Homecoming that year featured an amazing bonfire with Mary Jo Cipriano reigning as our queen. The football field and the dance that followed was awash with extravagant mums that only Texans understand and a beautiful and sweet court of young ladies who had exhibited their school spirit in a multitude of ways. Janis, Margaret, Stephany, Jeanette, Jeannine and Kit were all smiles and the rest of us would always remember them as Mt. Carmel royalty.
The Cadettes were winners on and off of the field, bringing home a first place trophy for the International Trade and Travel Fair Parade. Officers who had marched rain or shine for three years before earning their stripes were Janis Lowe, Kit Lyle, Ruth Hoesel, Judy Loisey, Jeannine Mandola, Margaret Rae, Karen Wilson, Cindy Cash, Carolyn Snow, Diane Martin, Susan Kelly, Lou Anne Bering and Janet Key. I was asked to be the official announcer during their routines on the football field which was a job that I loved. It also allowed me to attend the Cadette Ball in the spring. I always felt thankful to whomever had come up with the idea of including me in this wonderful organization.

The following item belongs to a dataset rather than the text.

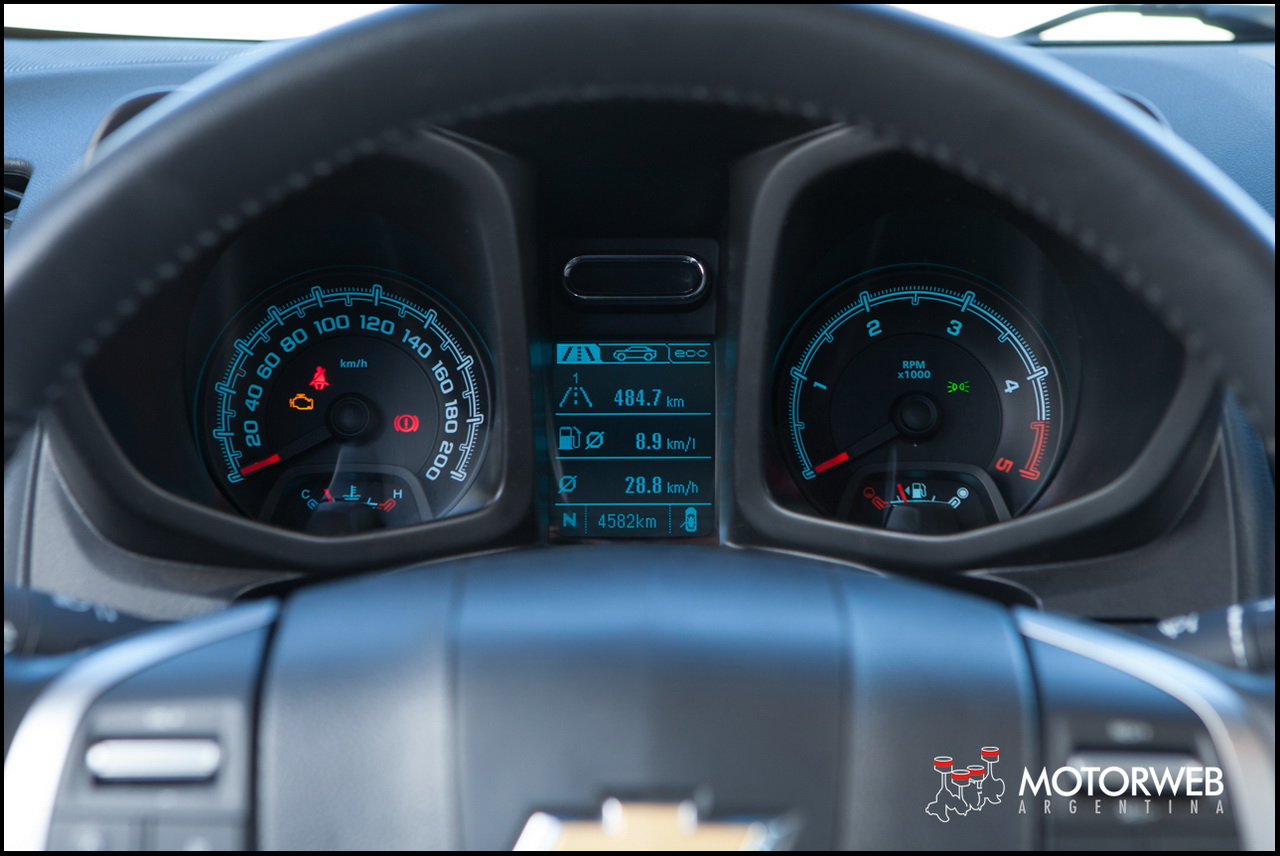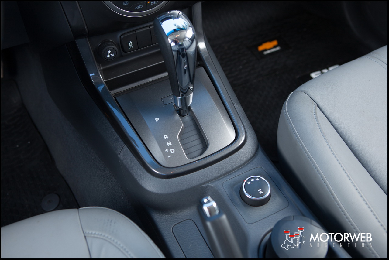 No nos gustan las selectoras de cambios con superficies cromadas. En pleno verano se calientan hasta la molestia bajo el rayo del sol y si bien se acciona poco al ser automática, para nosotros seria mucho mas lógico otro tipo de material. El cuadro de relojes es de lectura clara y simple, y está conformado por dos grandes esferas con viseras voluminosas, que remiten a diseños clásicos de la marca de décadas atrás y que ahora también han retomado otros modelos, como el Camaro. En el centro, la mencionada computadora termina de proveernos todos los datos del vehículo.
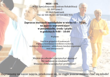 MEDI – COL NZOZ Specj alistyczne Centrum Rehabilitacji Ul. Zdrojowa 5 62-860 Opatówek Tel. 62 504 85 60 l ub 514 603 910 Zaprasza starszych nastolatków w wieku 65 – 75 lat na zajęcia usprawniające w poniedziałki, środy i piątki w godzinach 9:00 – 10:00 W planie: Zajęcia w grupach 6-8 osobowych Poprawa koordynacji wzrokowo-ruchowej, wydolności krążeniowo – oddechowej, kondycji organizmu oraz samopoczucia! Wejście po schodach zaczyna być męczące? Nie nadążasz za wnukami? Wstanie z fotela zaczyna być problemem? Zapraszamy na nasze zajęcia, przekonasz się, że ciągle jeszcze możesz czuć się młodo!

Of course Mt. Carmel High School was first and foremost about academics. Bill Winn and David Patton were finalists in the National Merit Scholarship competition while Paul Colby and Claudia Dean received letters of commendation. After years of hard work prompted mostly by fear of failing and a need to honor my father I had the number one rank and became the valedictorian with Judy Loisey as the salutatorian. Hard work paid off for those of us who were senior members of the National Honor Society including Mario Zuniga, Mike Petru, John Kurtz, David Patton, Richard Powers, Bill Bailey, Frank Abegg, Judy Loisey, Margaret Rae, Linda Caldwell, Linda Daigle, Claudia Dean and me.
With spring came the Junior Senior prom and the traditional senior trip to Bandera. One hundred forty four of us had made it to the finish line. We played in the sun, danced, rode horses and recalled four years of memories. We followed the traditions of presenting a senior play and crowning the Virgin Mary in May. We received our “Academy Awards” from the juniors and at long last gathered together in the gym on May 22, to receive our diplomas. It was one of those bittersweet days for which we had longed. It was the culmination of our accomplishments and our friendships. We would process into the building as a family and leave to travel in many different directions. There would be many whom we would never see again. Our days as high school students were done. It was time for us to begin to assume the mantle of adults and demonstrate to the world what it really means to be a graduate of Mt. Carmel High School.